This Day In Dodgers History: Frank McCourt Agrees To Sell Team

On March 27, 2012, embattled owner Frank McCourt agreed to sell the Los Angeles Dodgers franchise to Guggenheim Baseball Management for a record $2 billion. It ended a months-long process as it was in November of 2011 that McCourt signed off on selling the team, Dodger Stadium and the surrounding real estate.

The sale price shattered the $1.47 billion Malcolm Glazer paid for English soccer team, Manchester United, in 2005. While a deal was in place, it required final confirmation in a court hearing on April 13 of that year.

The Guggenheim group was headed by principle owner Mark Walter and included team president and CEO Stan Kasten, and part-owners Todd Boehly, Peter Guber, Magic Johnson and Bobby Patton.

McCourt purchased the Dodgers from NewsCorp in February 2004 for $420 million, though in a deal that was heavily financed.

They reached the postseason four times in McCourt’s six years as owner, in 2008 won a playoff series for the first time in 20 years and made back-to-back appearances in the National League Championship Series.

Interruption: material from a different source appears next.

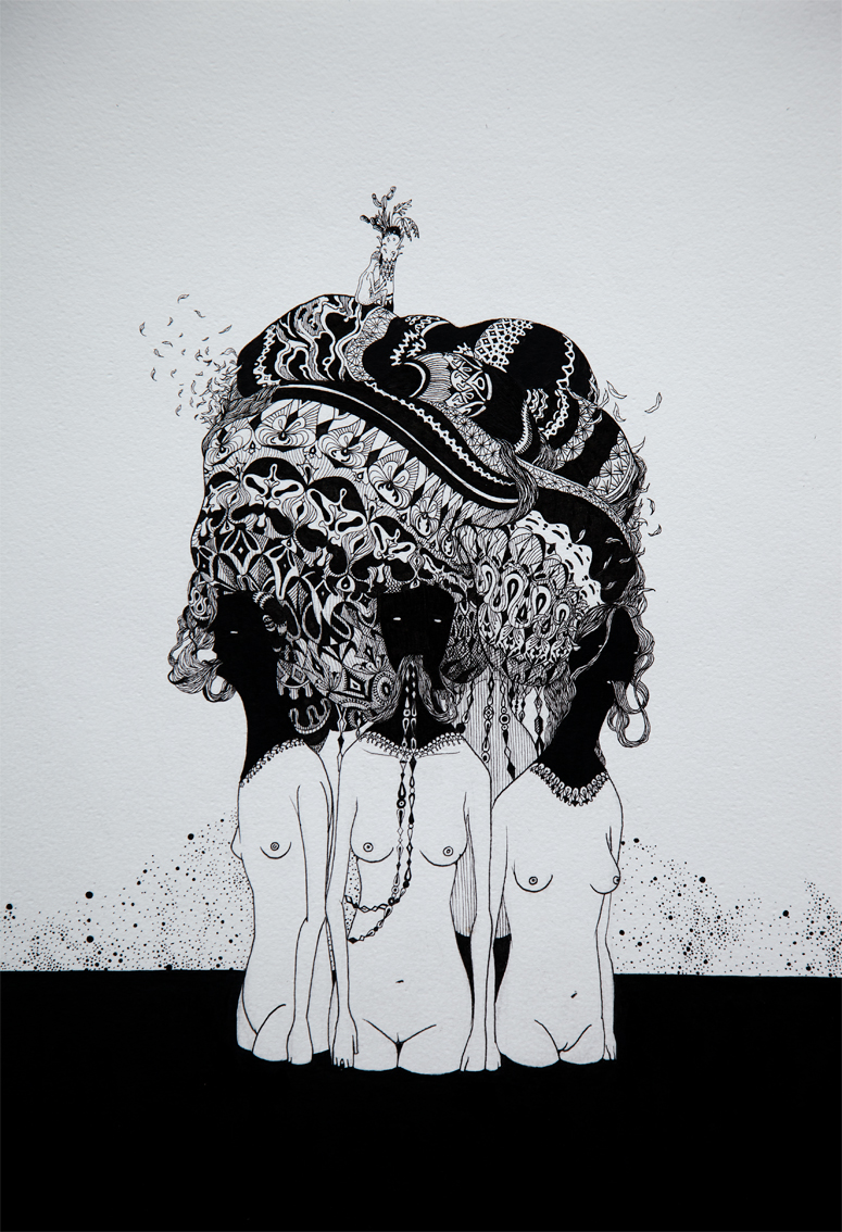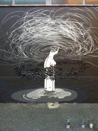 Shades of Aubrey Beardsley’s style in Brazilian artist, Herbert Baglione’s black & white illustrations & street art. A link to his site is under Blogroll.

However, his tenure ultimately was marred and evaluated by multiple public relations missteps by McCourt and his wife, Jamie, instability within the organization and the couple’s eventual divorce. That came to light when news of their separation broke on the eve of the 2009 NLCS.

Then-commissioner Bud Selig announced in April 2012 that MLB was taking over operations of the Dodgers and appointing a trustee. Selig and McCourt traded public barbs as the Dodgers were dragged into bankruptcy before the two reached an agreement on terms to sell the team.

Upon officially taking control of the franchise, Guggenheim immediately moved to inspire faith from fans and get the team back on a competitive path. One of their more splashy acts was a trade with the Boston Red Sox in August 2012 that saw the Dodgers take on more than $250 million in salary.

Dodgers success under Guggenheim

The Dodgers have won the NL West in all but one of Guggenheim’s full seasons as owners (beginning in 2013). They reached the World Series in 2017 for the first time in 29 years and returned to the Fall Classic the following season. In 2019, the Dodgers set a franchise record with 106 wins, and won the 2020 World Series to end the championship drought.

The 2022 Dodgers then set a new franchise record with 111 wins.

Guggenheim has also overseen several upgrades to Dodger Stadium, including a $100 million project that was completed for the 2020 season.

Their ownership group grew to include Billie Jean King and Ilana Kloss in 2018 as minority stakeholders, and in 2019 Alan Smolinisky and Robert L. Plummer joined as part owners.